What grade would you estimate them to be?


----------



## arinsi (Mar 14, 2010)

AquaNekoMobile said:


> What grade would you estimate them to be?


i would say its s grade with some better and some worse
there was cbs too
remember this is luckys and not aquapets
a lot of them have been picked out already


----------



## gucci17 (Oct 11, 2007)

I wouldn't pick up discus that have just landed 2 days ago...give it some time.

Honestly, as much as most people don't like gold garden. I really think they get some nice discus shipments.


----------



## Holidays (Apr 18, 2010)

gucci17 said:


> I wouldn't pick up discus that have just landed 2 days ago...give it some time.
> 
> Honestly, as much as most people don't like gold garden. I really think they get some nice discus shipments.

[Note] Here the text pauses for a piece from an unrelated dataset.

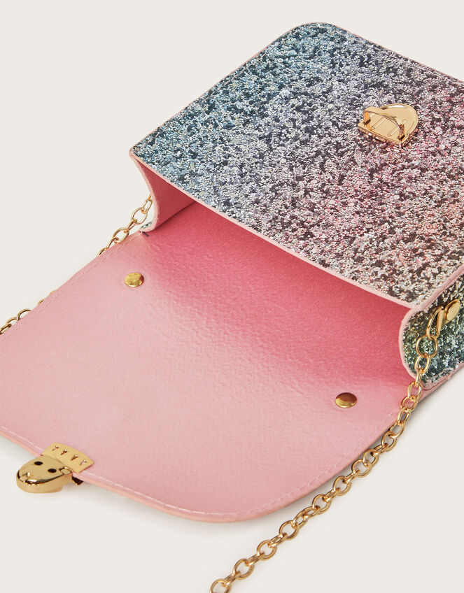 It's so sparkly! Coated in a rainbow of glitter, this satchel bag will house their sweets, lip balm, and toy phone. Fastens with a fold-over, push lock, and chain strap to wear across the body or over the shoulder.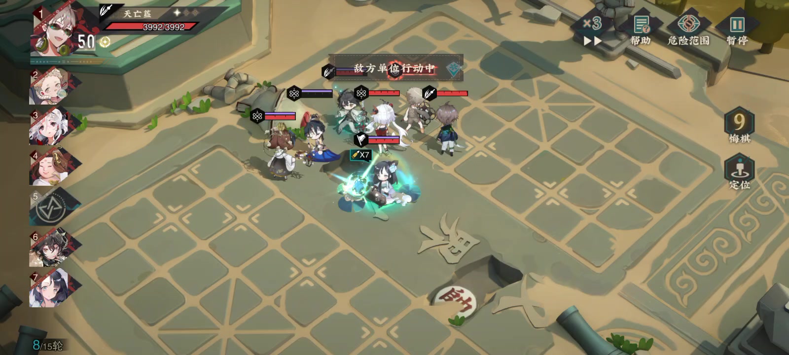 4-3,可以看到铜奔马下面有个红色的格子,本来是有个小怪的,我狸猫盘瞄准射击之后小怪本来应该残血的,但是直接消失了,然后接下来几个回合我的人物常击都可以选中这个格子但是没有伤害,(图中是我悔棋之后依然没变化),等到下一轮轮到这个单位行动的时候,就一直卡在该单位行动中。。。😂打了好久结果给我卡了,唉#游戏讨论

I should've, but I saw one really nice shape and color out of the bunch...couldn't resist...I know I am bad. Which one is gold garden? is that a few store next to dragon king?


----------



## hironobu (Oct 30, 2007)

Yea, the plaza with two fish stores, the first one is called gold garden (in chinese at least), the other is dragon king. gold garden has some nice discus from time to time but they sell bigger ones at a higher price point. Lucky is right in the middle of the pack in terms of age of discus and price. aquapets only have small discus at a good price. dragon king is not bad too but their quality and stock have dropped abit in recent months (imo).


----------